Historical fiction. Such a great genre. Have I said it before? I have? Well, I’ll say it again: such a great genre. Something about the space to explore the impossible problems of the present in the safety of the past. Not sure what we should do with the right to abortion? Worried about the lasting impacts of a global pandemic? Fretting about the crumbling of institutions like Church and marriage? To the past! Where we can hod these problems and turn them around without the delightful haze of knowing these are both immediate to our own lives and yet so distant as to be cute: how sweet, they just figured out they should wash their hands before surgery.

So right, what’s the book, Erin. It’s Emma Donoghue’s The Pull of the Stars, released in summer of 2020, but written pre Covid. Though someone should by Donoghue a lottery ticket (or start calling her prescient instead of Atwood) for the cluster of issues explored in this book. Set in Dublin in 1918, it is the height of the influenza pandemic. Our protagonist, midwife and nurse Julia Power, is on her own on the influenza maternity ward, where we meet a series of women who have had too many children for want to bodily autonomy or reliable birth control. Julia trades off her duties with another nurse, a nun from a neighbourhood ‘house for women and babies’ where unwed mothers are sent and their children then taken into servitude, and so the narrative probes the consequences of Church and moral absolutism on women’s bodies and family. One of these grown children, Bridie, comes to help on Julia’s ward, and (I’ll admit somewhat unexpectedly – my fault as a reader or that of Donoghue?) introduces questions of sexuality and redemption as she and Julia come to find one another. Which is to say, it is a book thick with Issues for Discussion.

And while I expected to be struck by the similarities to our present moment with respect to the pandemic – the eerie familiarity of advice to keep distance, the shuttering of schools, the terror of a loved one with a cough – and I was, it was the exploration of women’s ability to choose the course of their lives that I found most relevant. The series of women that pass through the maternity ward come as a type: married woman subjected to domestic violence; married woman with 10 babies already; unmarried ‘fallen’ woman bound to a life of shame and exclusion; married woman has stillborn baby but must go home and Carry On. Each of them share in small descriptions of their lives the ways the babies they carry are – whatever else – expected – that even if they are unplanned (as in our ‘fallen’ woman) that there should be a baby born Out of Wedlock, is itself a certainty. That there would be a choice about having the 10th baby or an ability to decide instead of staying with an abusive partner you might… not. These women are contrasted with Julia, of course, but also the woman doctor on the ward – Kathleen – who is literally on the run from the police for her involvement in political ‘crimes’ while she cares for patients with compassion, competence and curiosity.

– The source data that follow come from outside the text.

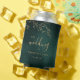 Boda elegante botánica verde esmeralda y dorado enfriador de latas
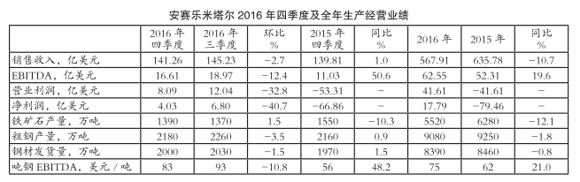 安赛乐米塔尔公司2016年四季度业绩报告显示,受北半球钢材市场传统需求淡季影响,其粗钢产量和钢材发货量环比小幅下滑。由于铁矿石发货量增加及售价上涨部分弥补了钢材发货量减少和平均销售价格下跌的影响,安赛乐米塔尔四季度销售收入仅环比小幅下滑2.7%至141.26亿美元,同比则小幅增长1.0%;息税、折旧及摊销前利润(EBITDA)从三季度的18.97亿美元大幅下滑12.4%至16.61亿美元,但同比增幅高达50.6%;受旗下钢铁部门业绩下滑影响,营业利润从三季度的12.04亿美元显著减少32.8%至8.09亿美元,2015年四季度营业利润为亏损53.31亿美元;净利润从三季度的6.80亿美元显著下降40.7%至4.03亿美元,2015年四季度净利润为亏损66.86亿美元。
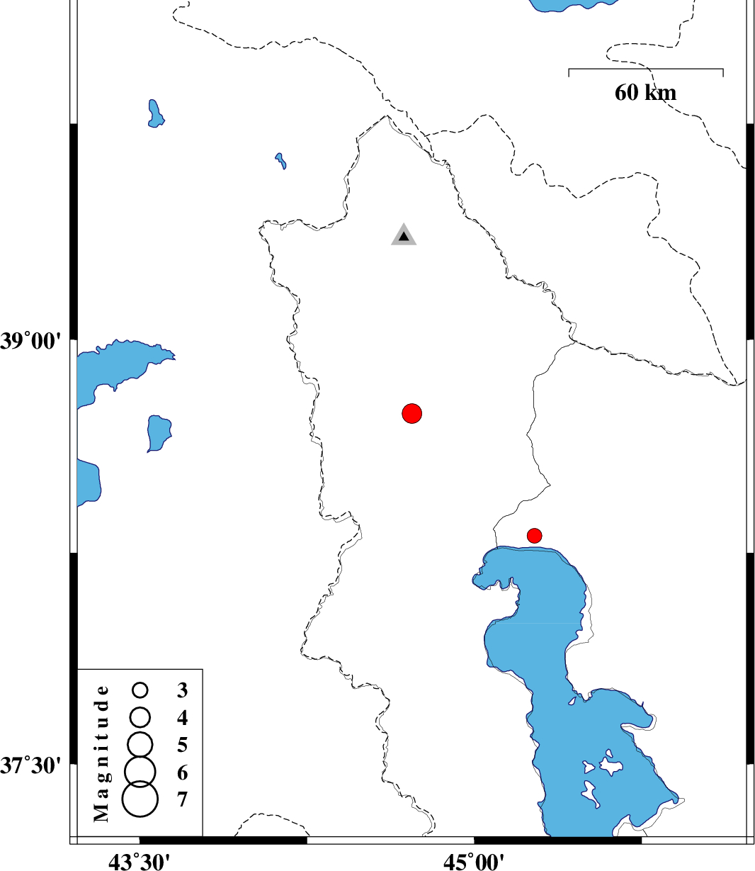 | 2013/06/08 | 09:38:03.3 | 14:08:03.3 | 38.31 | 45.27 | 46 | ML3 | Azarbaijan Sharghi Province, 39 km North-West of Shabestar |
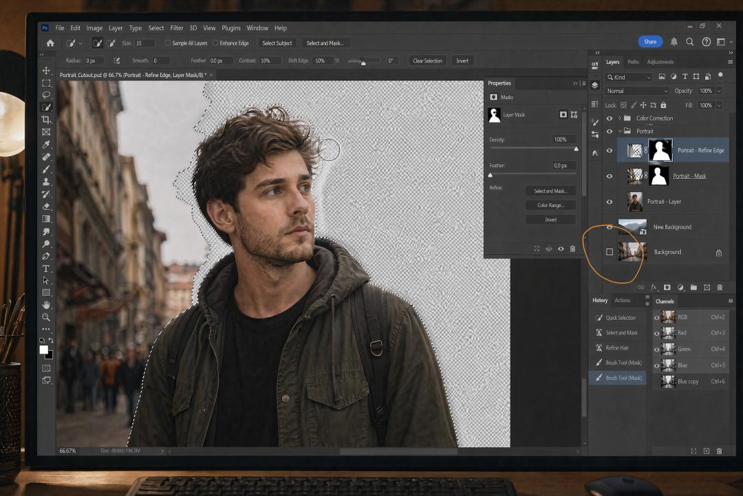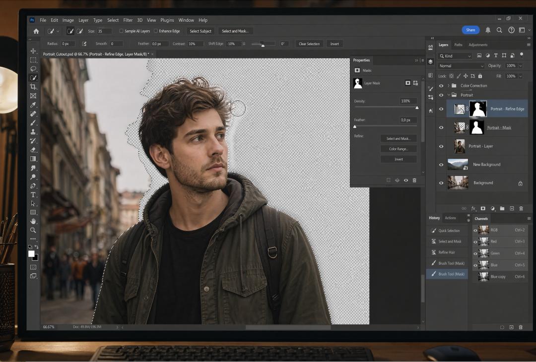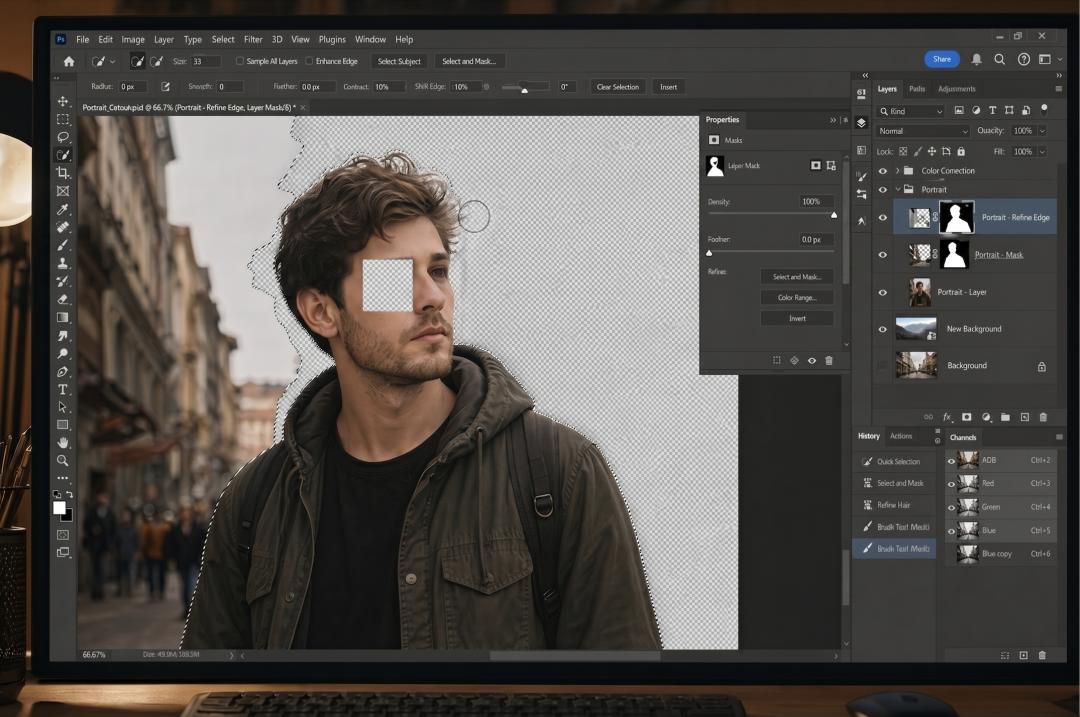 一个超逼真、高清的桌面工作场景,拥有电影级的光影效果。画面主体是电脑屏幕,背景中显示着 Adobe Photoshop(深色主题),屏幕上正在进行精细的人像抠图。图像中心是一张高分辨率的半身人像,背景复杂(例如街道或自然环境)。抠图过程正在进行中,尚未完成。
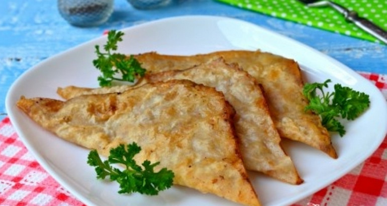 - Сковороду разогреть с растительным маслом (масла не нужно наливать слишком много), выложить подготовленные треугольники.
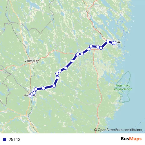 The first stop of the 29113 rail route is Hultsfred station and the last stop is Västervik station. 29113 is operational during everyday.
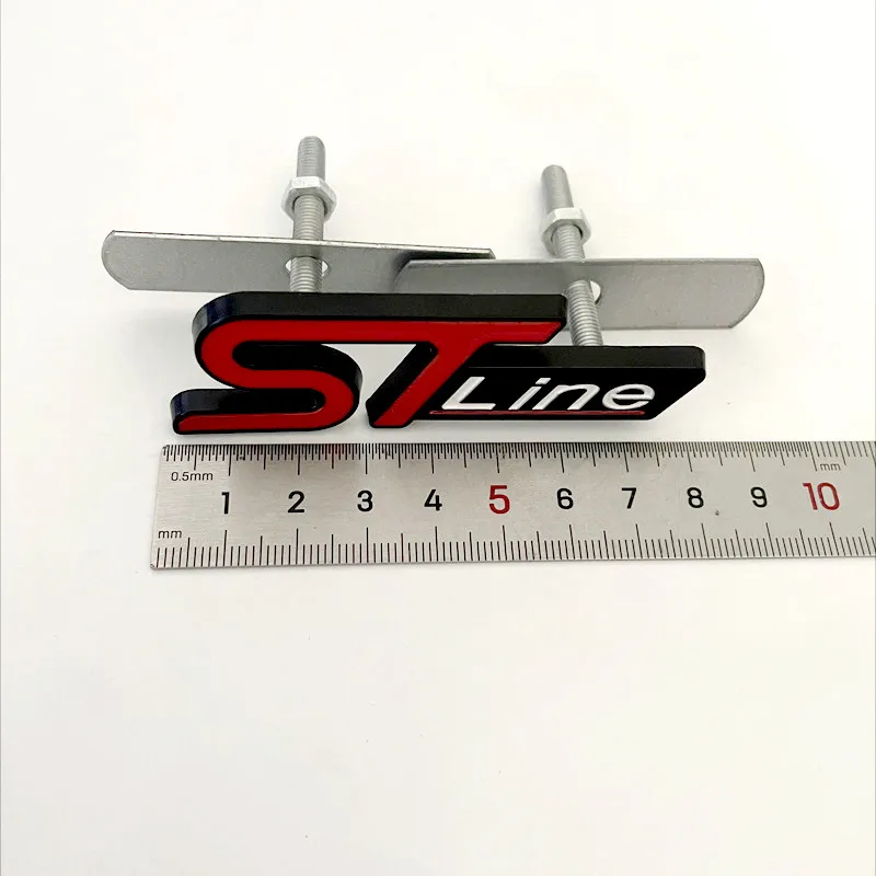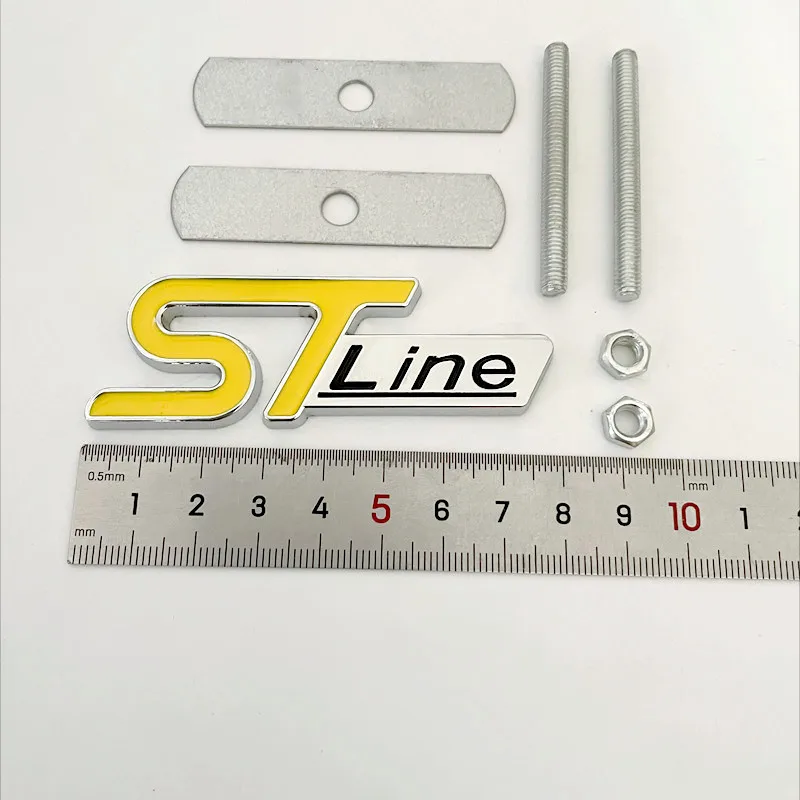 - Designed with a 3D metallic appearance featuring prominent, raised “ST” lettering and a small “Line” inscription for a modern, sporty look that catches light with a glossy, reflective finish.
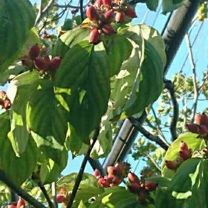 歩道を歩きながら、ふと見上げると、ハナミズキが赤く色づいていました😊
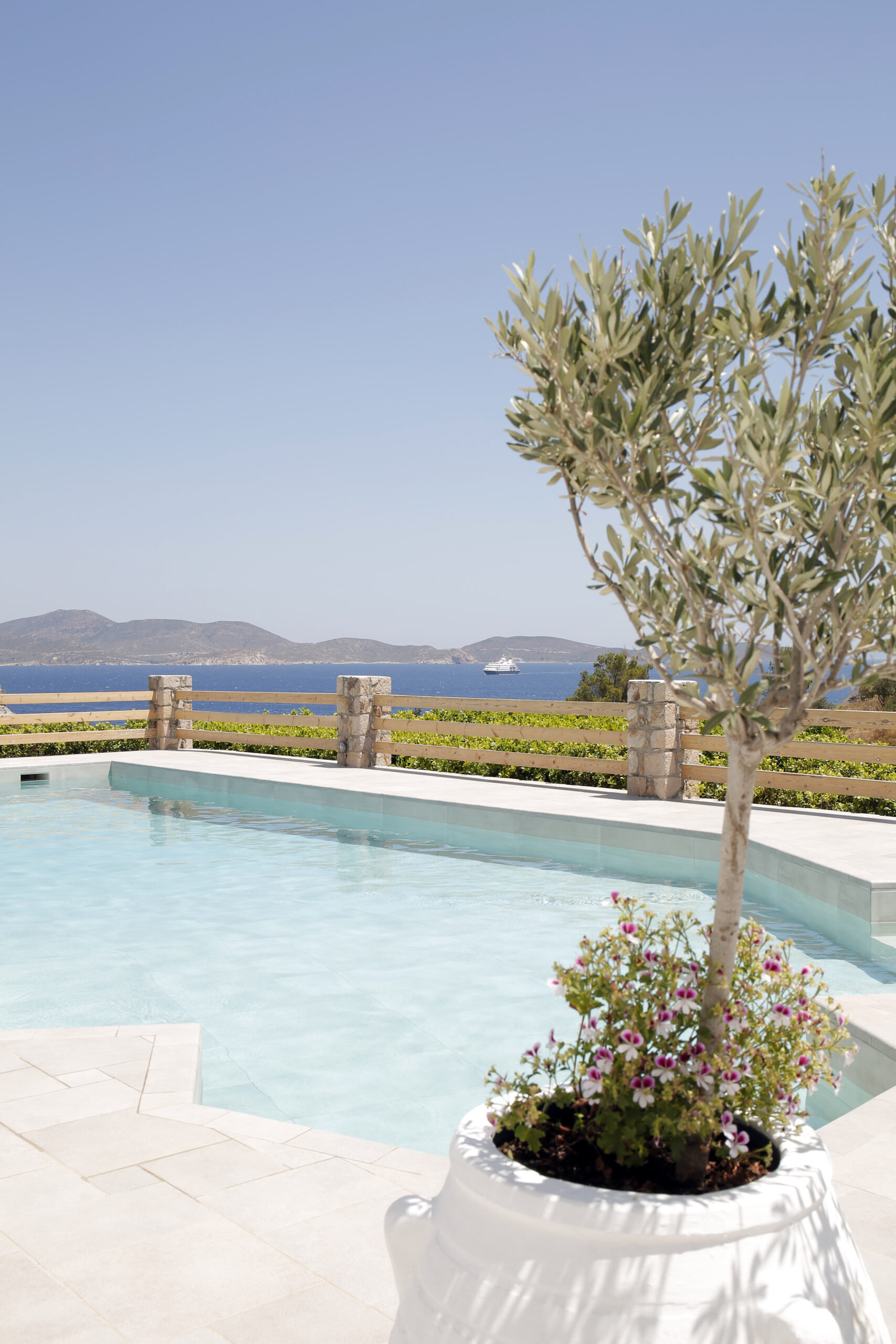 Πρόκειται για το μοναδικό πεντάστερο ξενοδοχείο στην Πάτμο. Η μινιμαλιστική αρχιτεκτονική γραμμή παίζει πρωταγωνιστικό ρόλο στην ατμόσφαιρά του. Διαθέτει 56 δωμάτια και σουίτες, κάποια με ιδιωτική πισίνα ενώ μπροστά στο ξενοδοχεία εκτείνεται μεγάλη οργανωμένη παραλία. Τα δωμάτια και οι σουίτες είναι σχεδιασμένα με τέτοιο τρόπο ώστε να συνδυάζουν την ομορφιά της ελληνικής φύσης και αρχιτεκτονικής. Οι ευρύχωροι εσωτερικοί χώροι τους λούζονται από το φως του ήλιου και προσφέρουν υπέροχη θέα στο απέραντο γαλάζιο, διακοσμημένοι με ένα συνδυασμό μοντέρνας και παραδοσιακής διακόσμησης και επίπλωσης με πρώτη ύλη τα γήινα υλικά.
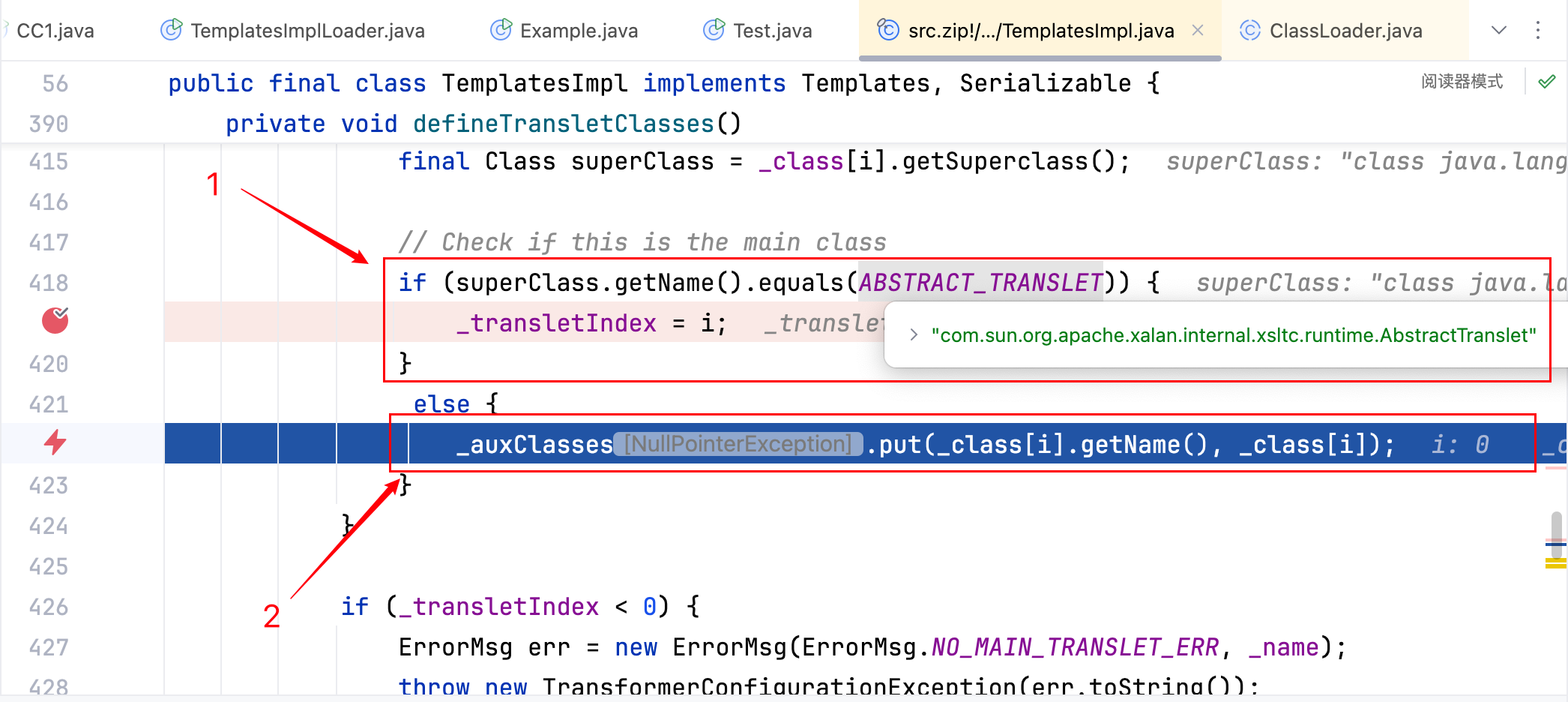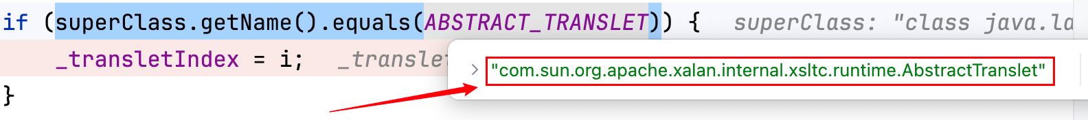 要想走到 1 处则必须满足superClass.getName().equals(ABSTRACT_TRANSLET)
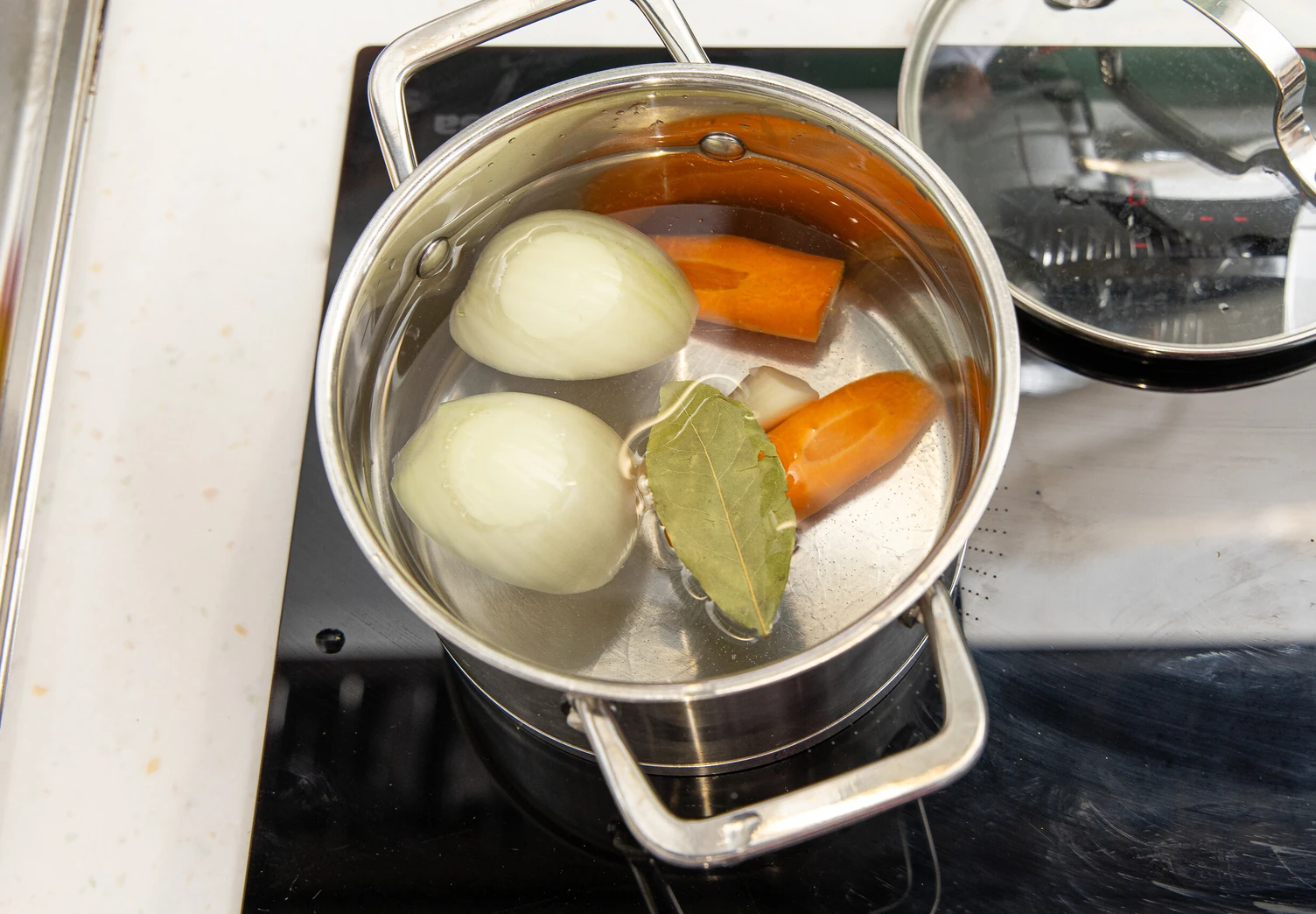 Для бульона лук и морковь произвольно нарежьте крупными кусками, положите вместе с остальными ингредиентами в кастрюлю и залейте 700 мл воды. Доведите до кипения, затем варите ещё 40 минут. Готовый бульон процедите.
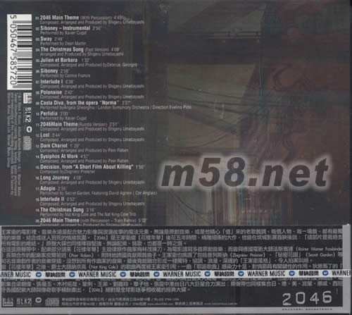 王家衛的電影里,音樂永遠是配合魅力影像與浪漫故事的魔法元素,無論是原創音樂,或是他精心‘借’來的老歌舊調,每個人物、每一場戲,都有最獨特的樂章,結合成迷人到死的情緒氛圍。《2046》是王家衛繼《花樣年華》后花五年時間、精雕細琢的大作,他曾在坎城影展首映后說:‘這部片是我過去所有電影的總結。’原聲大碟也同樣陣容堅強,無論配樂、挑歌,也都是一時之選。
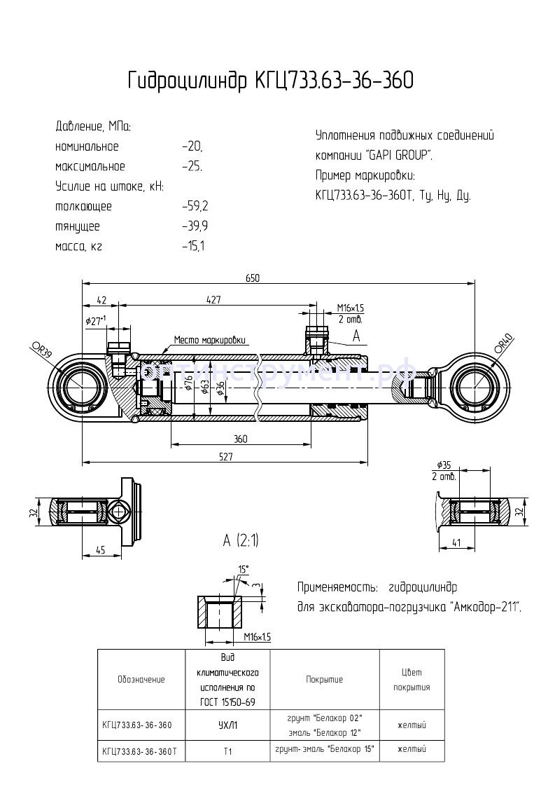 Гидроцилиндр для экскаватора-погрузчика "Амкодор-211" КГЦ 733.63-36-360 в продаже по цене 10 830 руб. в Интернет-магазине Проф-инструмент с доставкой в Челябинске и Челябинской области. Звоните по телефону +8 (800) 302-10-51.

This contrast serves to sharpen the sense of oppressive constraint and claustrophobia following all of these women. That even those who appear to have the most freedom – Julia who can for some pages ride a bicycle! – are limited by institution and by expectation.

And while it is a wildly topical book that would serve your book club discussion well, it wasn’t fabulous. Parts dragged and some of the passages read as too aware of their own Significance. And there are better (much better ) books about reproductive choice to read right now. But if you find yourself with this one you I suspect you’ll find a certain relief. Things feel bad; things are bad. And perhaps they’ve always been that way.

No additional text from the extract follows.